- **Work item**
In the records below, find the line containing "Enjoy one level" and the line containing "Розвиваючий пазл легко". Give again exactly those lines and every line between them, omitting the pictures.

*** Source records ***

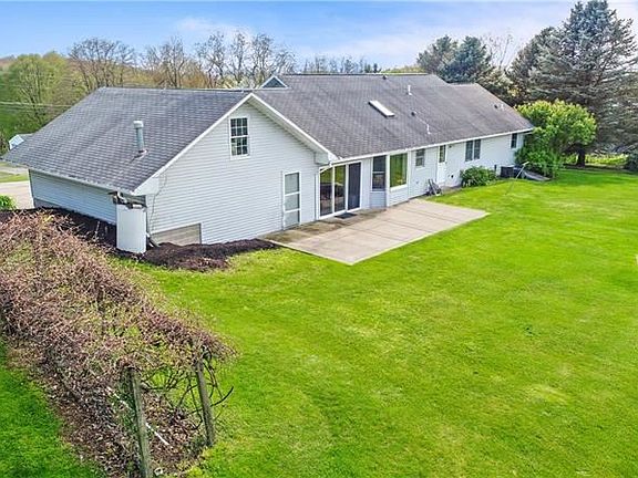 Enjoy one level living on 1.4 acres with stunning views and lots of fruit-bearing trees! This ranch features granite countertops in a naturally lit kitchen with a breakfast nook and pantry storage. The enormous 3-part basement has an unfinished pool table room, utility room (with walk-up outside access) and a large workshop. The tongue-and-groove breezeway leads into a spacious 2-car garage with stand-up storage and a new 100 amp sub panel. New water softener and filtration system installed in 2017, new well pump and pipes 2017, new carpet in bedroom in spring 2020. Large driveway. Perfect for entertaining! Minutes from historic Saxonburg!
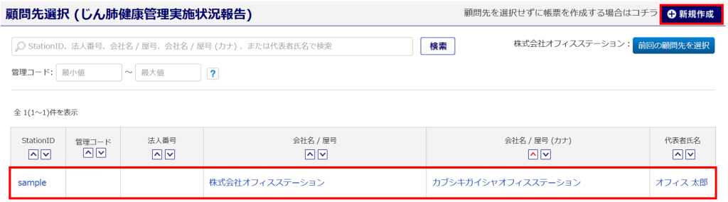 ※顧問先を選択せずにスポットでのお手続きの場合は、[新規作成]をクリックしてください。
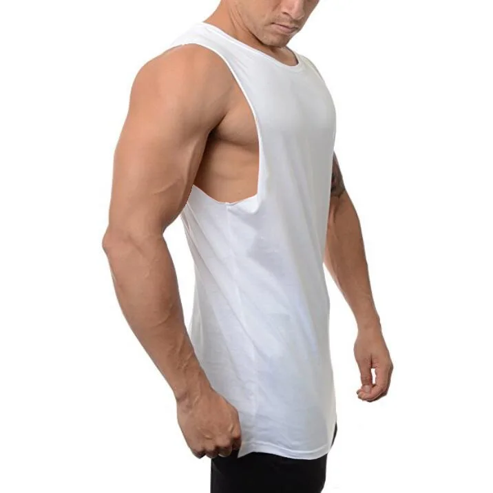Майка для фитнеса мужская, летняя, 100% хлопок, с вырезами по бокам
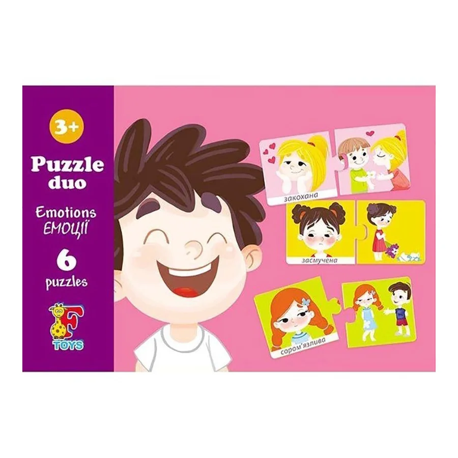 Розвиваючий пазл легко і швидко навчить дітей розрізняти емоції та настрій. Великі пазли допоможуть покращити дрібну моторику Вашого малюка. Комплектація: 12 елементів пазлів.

*** End of Source records ***
*** Source records ***

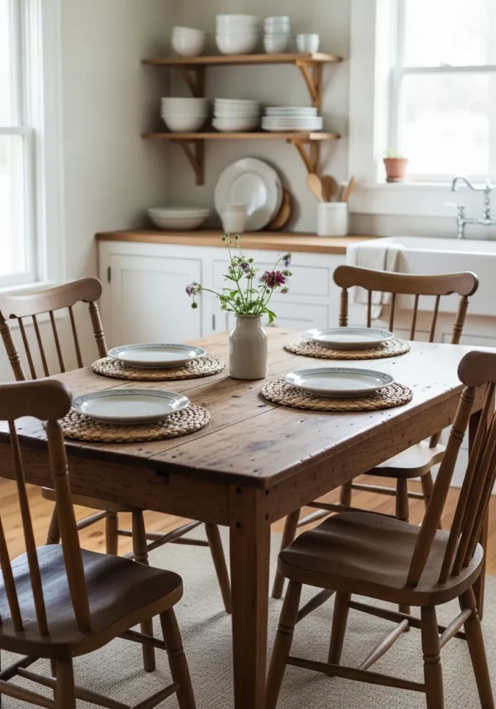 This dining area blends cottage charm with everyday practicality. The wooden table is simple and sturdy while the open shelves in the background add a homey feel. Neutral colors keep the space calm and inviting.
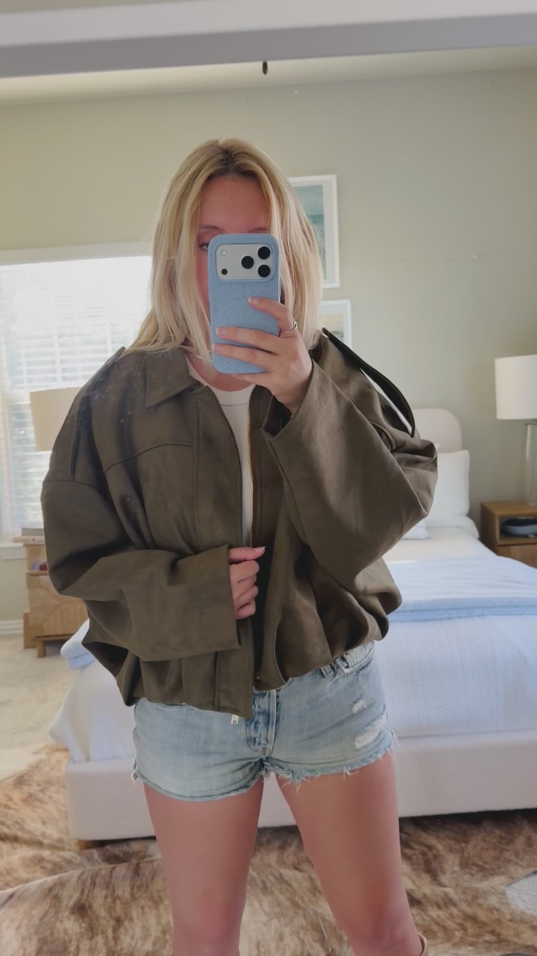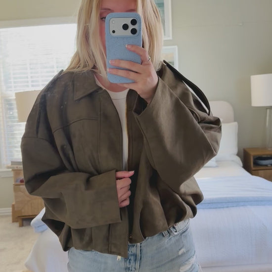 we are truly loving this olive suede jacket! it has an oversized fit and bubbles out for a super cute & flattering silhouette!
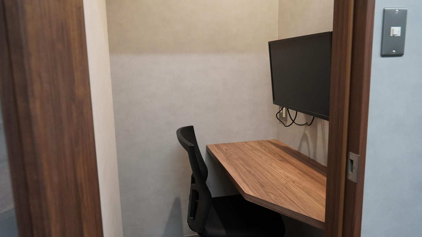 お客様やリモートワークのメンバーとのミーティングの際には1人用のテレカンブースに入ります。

*** End of Source records ***

- **Your solution**
 Enjoy one level living on 1.4 acres with stunning views and lots of fruit-bearing trees! This ranch features granite countertops in a naturally lit kitchen with a breakfast nook and pantry storage. The enormous 3-part basement has an unfinished pool table room, utility room (with walk-up outside access) and a large workshop. The tongue-and-groove breezeway leads into a spacious 2-car garage with stand-up storage and a new 100 amp sub panel. New water softener and filtration system installed in 2017, new well pump and pipes 2017, new carpet in bedroom in spring 2020. Large driveway. Perfect for entertaining! Minutes from historic Saxonburg!
 ※顧問先を選択せずにスポットでのお手続きの場合は、[新規作成]をクリックしてください。
Майка для фитнеса мужская, летняя, 100% хлопок, с вырезами по бокам
 Розвиваючий пазл легко і швидко навчить дітей розрізняти емоції та настрій. Великі пазли допоможуть покращити дрібну моторику Вашого малюка. Комплектація: 12 елементів пазлів.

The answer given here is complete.